EXERCISE DATA:
# # # #
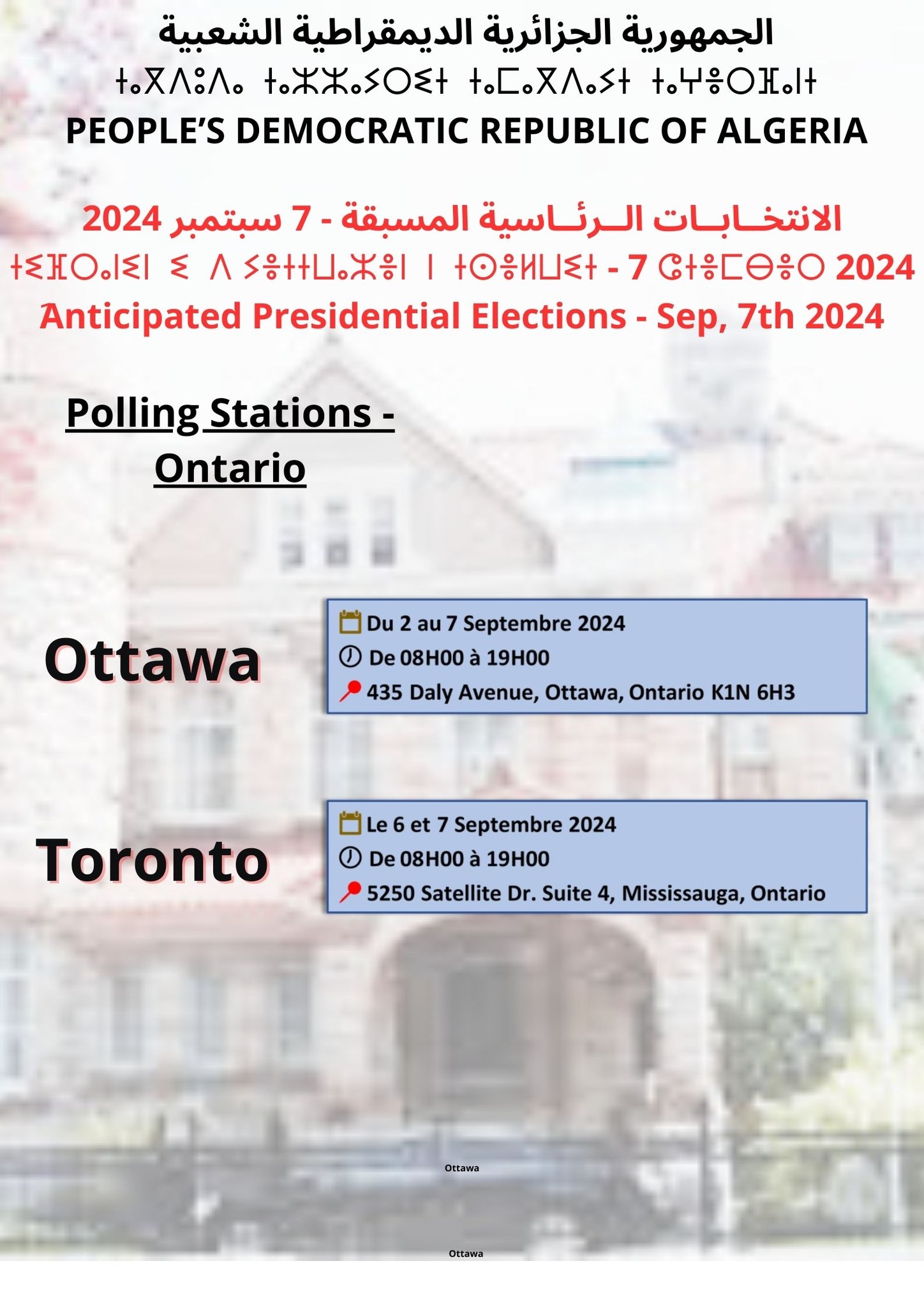 L’Autorité Nationale Indépendante des Élections porte à la connaissance des membres de la communauté algérienne inscrits sur la liste électorale et relevant de la circonscription électorale de l’Ambassade d’Algérie à Ottawa, que le scrutin des élections des membres de l'Assemblée Populaire Nationale se déroulera du Jeudi 10 juin au Samedi 12 juin 2021 de 08h00 à 19h00...
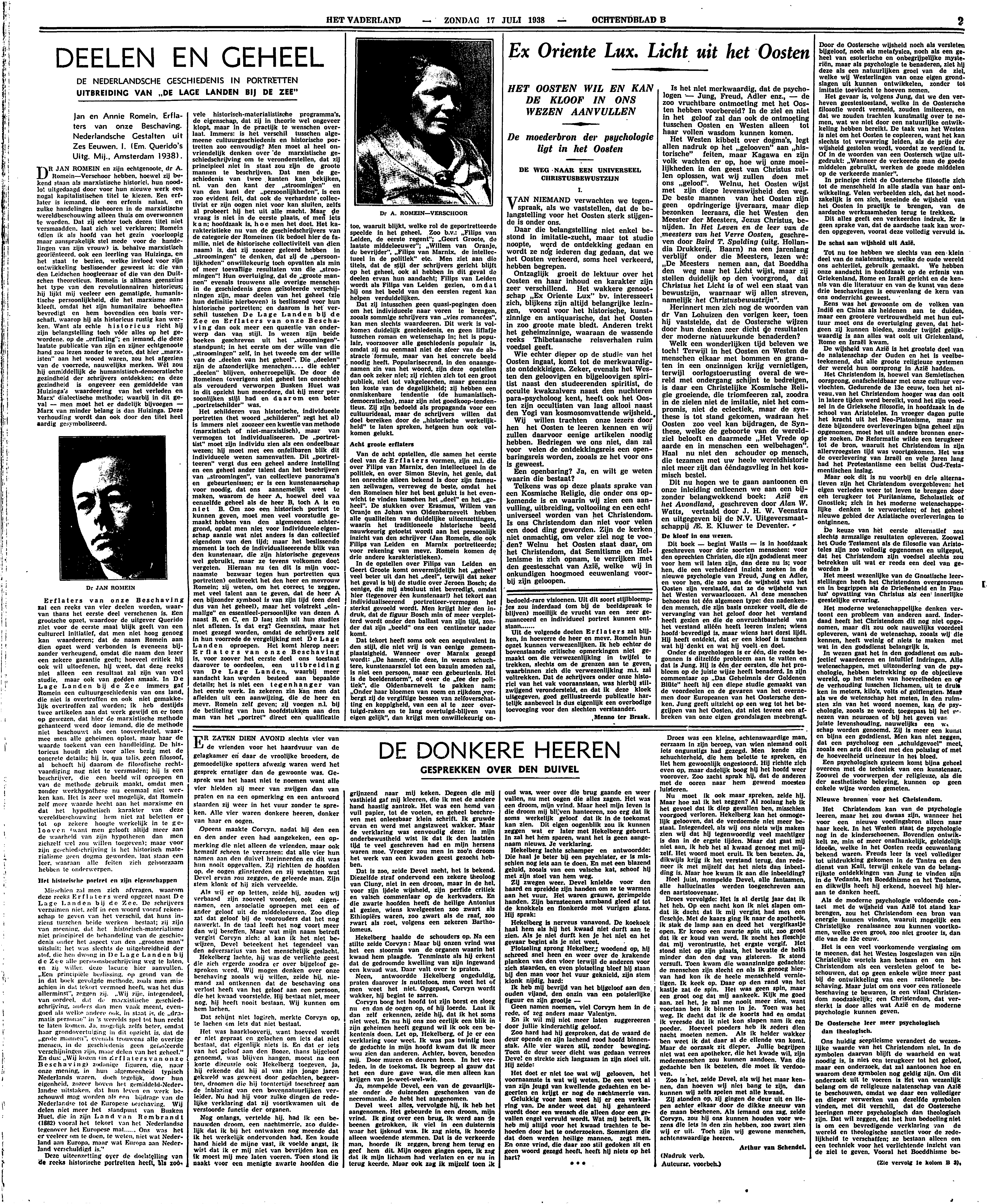 DR JAN ROMEIN en zijn echtgenoote, dr A. Romein - Verschoor hebben, hoewel zij bekend staan als marxistische historici, hun noodlot uitgedaagd door voor hun nieuwe werk een nogal kapitalistischen titel te kiezen. Een erflater is iemand, die een erfenis nalaat, en zulke handelingen behooren in de marxistische wereldbeschouwing alleen thuis om overwonnen te worden. Dat zij echter toch dezen titel niet versmaadden, laat zich wel verklaren: Romein (dien ik als hoofd van het gezin voorloopig maar aansprakelijk stel mede voor de handelingen van zijn vrouw) is, behalve marxistisch georiënteerd, ook een leerling van Huizinga, en het staat te bezien, welke invloed voor zijn ontwikkeling beslissender geweest is: die van den Leidschen hoogleeraar of die van den Duitschen theoreticus. Romein is althans geenszins het type van den revolutionnairen historicus; hij lijkt mij veeleer een gematigde, humanistische persoonlijkheid, die het marxisme aankleeft, omdat het zijn humanitaire behoeften bevredigt en hem bovendien een basis verschaft, waarop hij als historicus rustig kan werken. Want als echte historicus richt hij zijn belangstelling toch vóór alles op het gewordene, op de ‘erflating’; en iemand, die deze laatste publicatie van zijn en zijner echtgenoote hand zou lezen zonder te weten, dat hier ‘marxisten’ aan het woord waren, zou het afgezien van de voorrede, nauwelijks merken. Wèl zou hij onmiddellijk de humanistisch-democratische gezindheid der schrijvers ontdekken: en deze gezindheid is ongeveer een gemiddelde van Huizinga's waardeering van het verleden en Marx' dialectische methode; waarbij in dit geval - men moet het er dadelijk bijvoegen - Marx van minder belang is dan Huizinga. Deze verhouding wordt dan ook door den titel heel aardig gesymboliseerd.
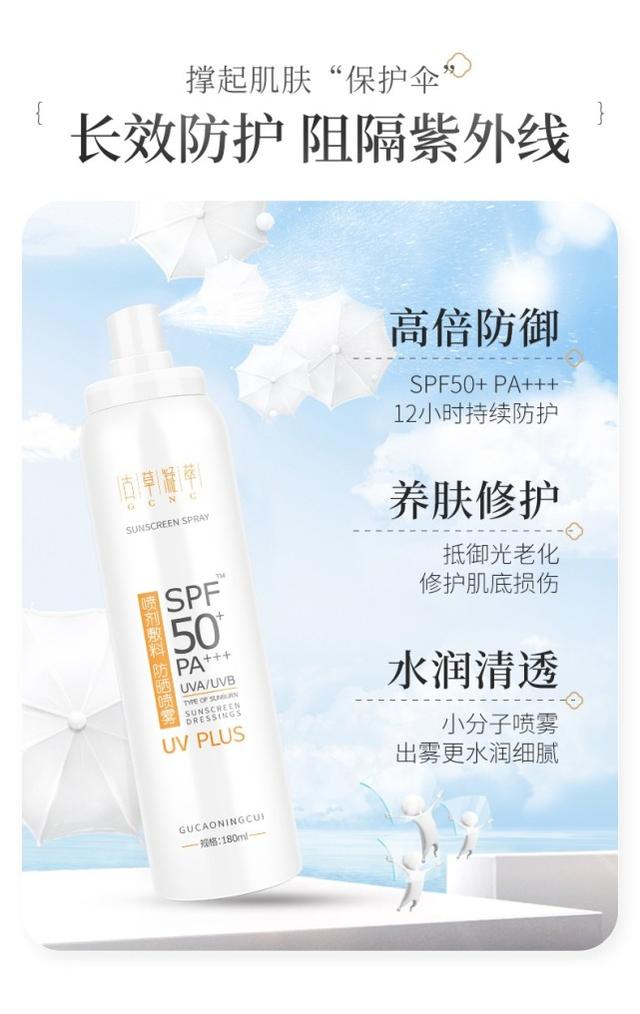 有一個防曬專題說,防曬做不對,一夏老十歲,甚至有小伙伴在下面留言說她一個夏天要用掉5瓶防曬品,才能讓自己不被曬黑曬傷。俗話說:護膚不防曬,一切白來,防曬擦不夠,衣服穿不厚!烈日炎炎下,還好有這款防曬法寶---古草凝萃防曬噴霧,隔離+防曬高倍數(shù)防護,美白補水,質(zhì)地輕薄易吸收,呵護夏日肌膚依舊白嫩水潤!它適合幾乎**的膚質(zhì),防曬指數(shù)高達SPF50+,PA+++,這是一年四季都適用的防曬品。
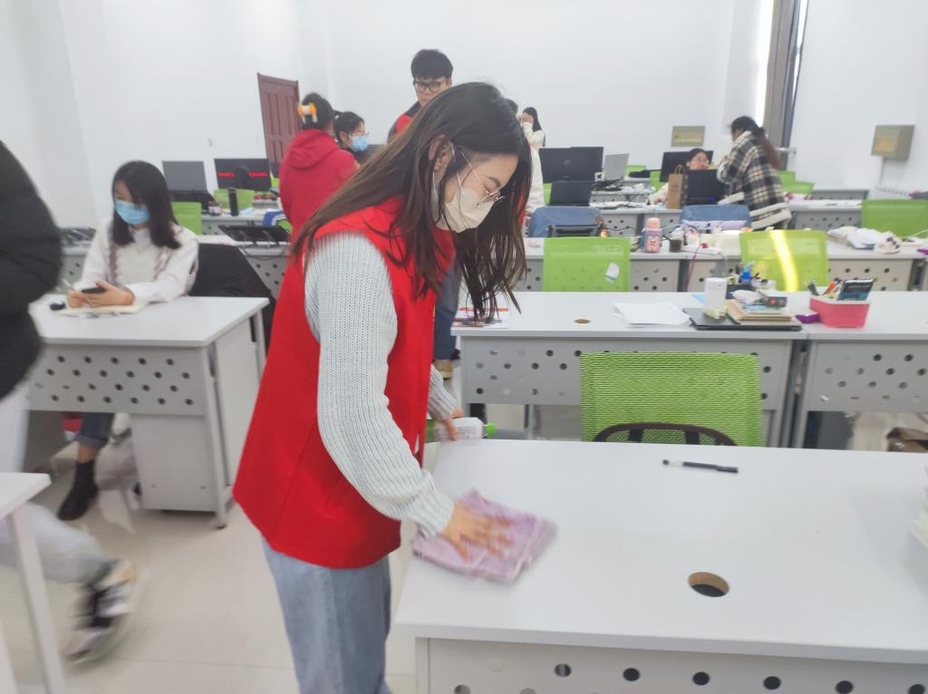 研究生党员在各支部书记的带领下对实验室进行了大扫除。由于寒假期间实验室没有使用,桌椅和讲台都落了很多灰尘,在角落和地板上也可见一些零碎的纸屑,为了保证新学期研究生学习活动的开展,实验室卫生急需彻底清洁。研究生党员在接到工作任务后,立即为清扫工作准备工具。为提高打扫效率,他们分成几组,分别负责擦拭桌椅和讲台、扫地以及拖地等。简单的工作并没有减少大家的热情,大家互相帮助,条理有序地完成了所有工作。在确保各处都收拾整洁、打扫干净后,同学们认真清洗了卫生工具。这次活动提升了研究生党员的服务意识,使研究生党员对雷锋精神有了更深的理解和感受。
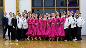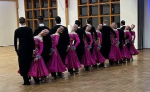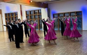 Erfreulicherweise gibt es in Darmstadt viele Interessierte am Formationstanzen, sodass die Choreografie in zwei Durchgängen präsentiert werden konnte. Den Auftakt machten die Neueinsteiger, die teilweise erst seit wenigen Monaten tanzen und gemeinsam mit einigen erfahrenen Tänzern die Fläche betraten. Für viele war es das erste Mal im Frack bzw. im Turnierkleid, mit Turnierfrisur und Make-up – ein Moment, der sicherlich mit großer Aufregung verbunden war.
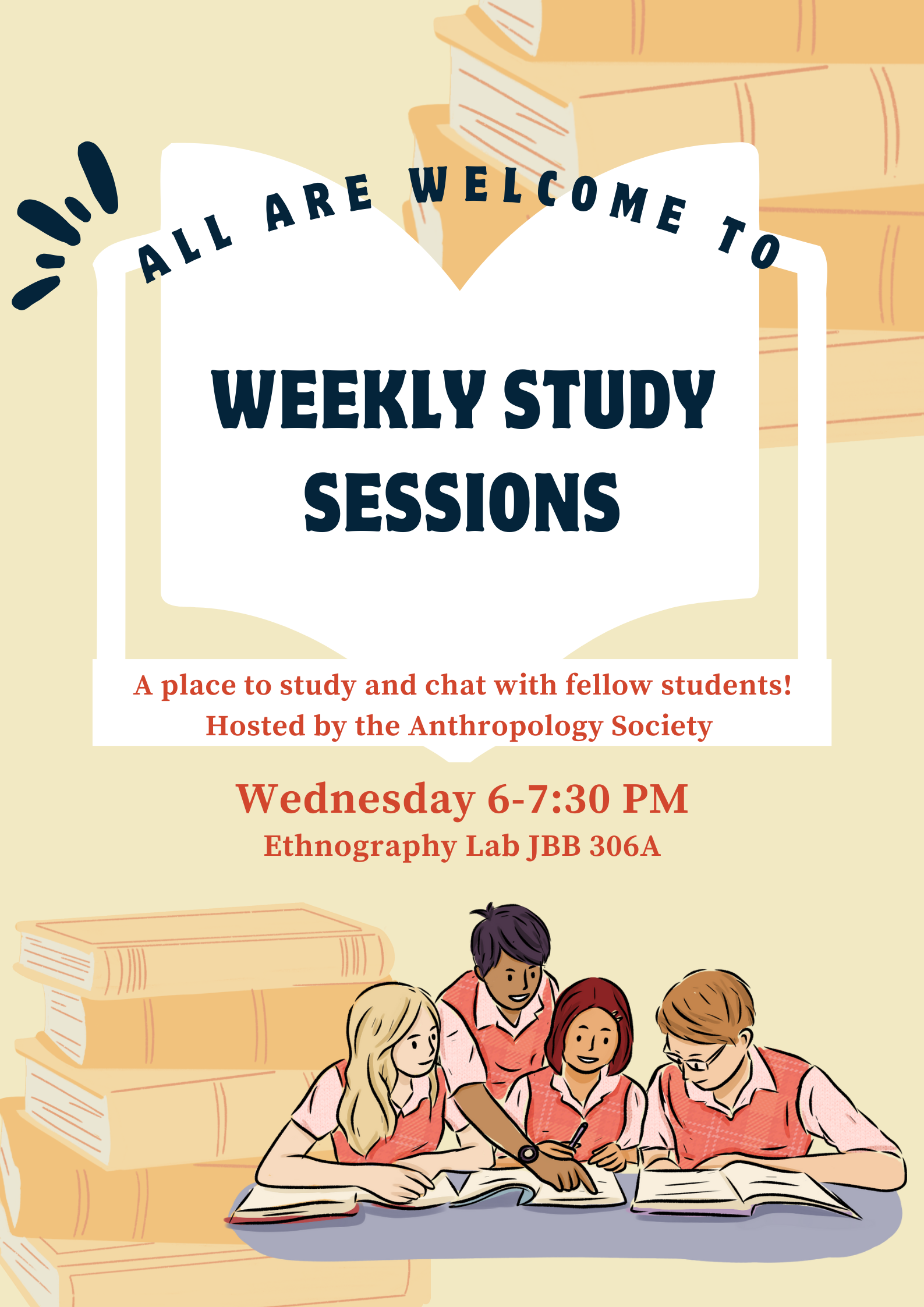 All are welcome to attend Weekly Study Sessions hosted by the Anthropology Society. A place to study and chat with fellow students! Join us Wednesdays from 6-7:30pm in the Ethnography Lab (JBB 306A)!
# # # #
TASK INSTRUCTIONS: Restate the records above word for word, without the pictures.

SOLUTION FOR THIS TASK:
 L’Autorité Nationale Indépendante des Élections porte à la connaissance des membres de la communauté algérienne inscrits sur la liste électorale et relevant de la circonscription électorale de l’Ambassade d’Algérie à Ottawa, que le scrutin des élections des membres de l'Assemblée Populaire Nationale se déroulera du Jeudi 10 juin au Samedi 12 juin 2021 de 08h00 à 19h00...
 DR JAN ROMEIN en zijn echtgenoote, dr A. Romein - Verschoor hebben, hoewel zij bekend staan als marxistische historici, hun noodlot uitgedaagd door voor hun nieuwe werk een nogal kapitalistischen titel te kiezen. Een erflater is iemand, die een erfenis nalaat, en zulke handelingen behooren in de marxistische wereldbeschouwing alleen thuis om overwonnen te worden. Dat zij echter toch dezen titel niet versmaadden, laat zich wel verklaren: Romein (dien ik als hoofd van het gezin voorloopig maar aansprakelijk stel mede voor de handelingen van zijn vrouw) is, behalve marxistisch georiënteerd, ook een leerling van Huizinga, en het staat te bezien, welke invloed voor zijn ontwikkeling beslissender geweest is: die van den Leidschen hoogleeraar of die van den Duitschen theoreticus. Romein is althans geenszins het type van den revolutionnairen historicus; hij lijkt mij veeleer een gematigde, humanistische persoonlijkheid, die het marxisme aankleeft, omdat het zijn humanitaire behoeften bevredigt en hem bovendien een basis verschaft, waarop hij als historicus rustig kan werken. Want als echte historicus richt hij zijn belangstelling toch vóór alles op het gewordene, op de ‘erflating’; en iemand, die deze laatste publicatie van zijn en zijner echtgenoote hand zou lezen zonder te weten, dat hier ‘marxisten’ aan het woord waren, zou het afgezien van de voorrede, nauwelijks merken. Wèl zou hij onmiddellijk de humanistisch-democratische gezindheid der schrijvers ontdekken: en deze gezindheid is ongeveer een gemiddelde van Huizinga's waardeering van het verleden en Marx' dialectische methode; waarbij in dit geval - men moet het er dadelijk bijvoegen - Marx van minder belang is dan Huizinga. Deze verhouding wordt dan ook door den titel heel aardig gesymboliseerd.
 有一個防曬專題說,防曬做不對,一夏老十歲,甚至有小伙伴在下面留言說她一個夏天要用掉5瓶防曬品,才能讓自己不被曬黑曬傷。俗話說:護膚不防曬,一切白來,防曬擦不夠,衣服穿不厚!烈日炎炎下,還好有這款防曬法寶---古草凝萃防曬噴霧,隔離+防曬高倍數(shù)防護,美白補水,質(zhì)地輕薄易吸收,呵護夏日肌膚依舊白嫩水潤!它適合幾乎**的膚質(zhì),防曬指數(shù)高達SPF50+,PA+++,這是一年四季都適用的防曬品。
 研究生党员在各支部书记的带领下对实验室进行了大扫除。由于寒假期间实验室没有使用,桌椅和讲台都落了很多灰尘,在角落和地板上也可见一些零碎的纸屑,为了保证新学期研究生学习活动的开展,实验室卫生急需彻底清洁。研究生党员在接到工作任务后,立即为清扫工作准备工具。为提高打扫效率,他们分成几组,分别负责擦拭桌椅和讲台、扫地以及拖地等。简单的工作并没有减少大家的热情,大家互相帮助,条理有序地完成了所有工作。在确保各处都收拾整洁、打扫干净后,同学们认真清洗了卫生工具。这次活动提升了研究生党员的服务意识,使研究生党员对雷锋精神有了更深的理解和感受。
 Erfreulicherweise gibt es in Darmstadt viele Interessierte am Formationstanzen, sodass die Choreografie in zwei Durchgängen präsentiert werden konnte. Den Auftakt machten die Neueinsteiger, die teilweise erst seit wenigen Monaten tanzen und gemeinsam mit einigen erfahrenen Tänzern die Fläche betraten. Für viele war es das erste Mal im Frack bzw. im Turnierkleid, mit Turnierfrisur und Make-up – ein Moment, der sicherlich mit großer Aufregung verbunden war.
 All are welcome to attend Weekly Study Sessions hosted by the Anthropology Society. A place to study and chat with fellow students! Join us Wednesdays from 6-7:30pm in the Ethnography Lab (JBB 306A)!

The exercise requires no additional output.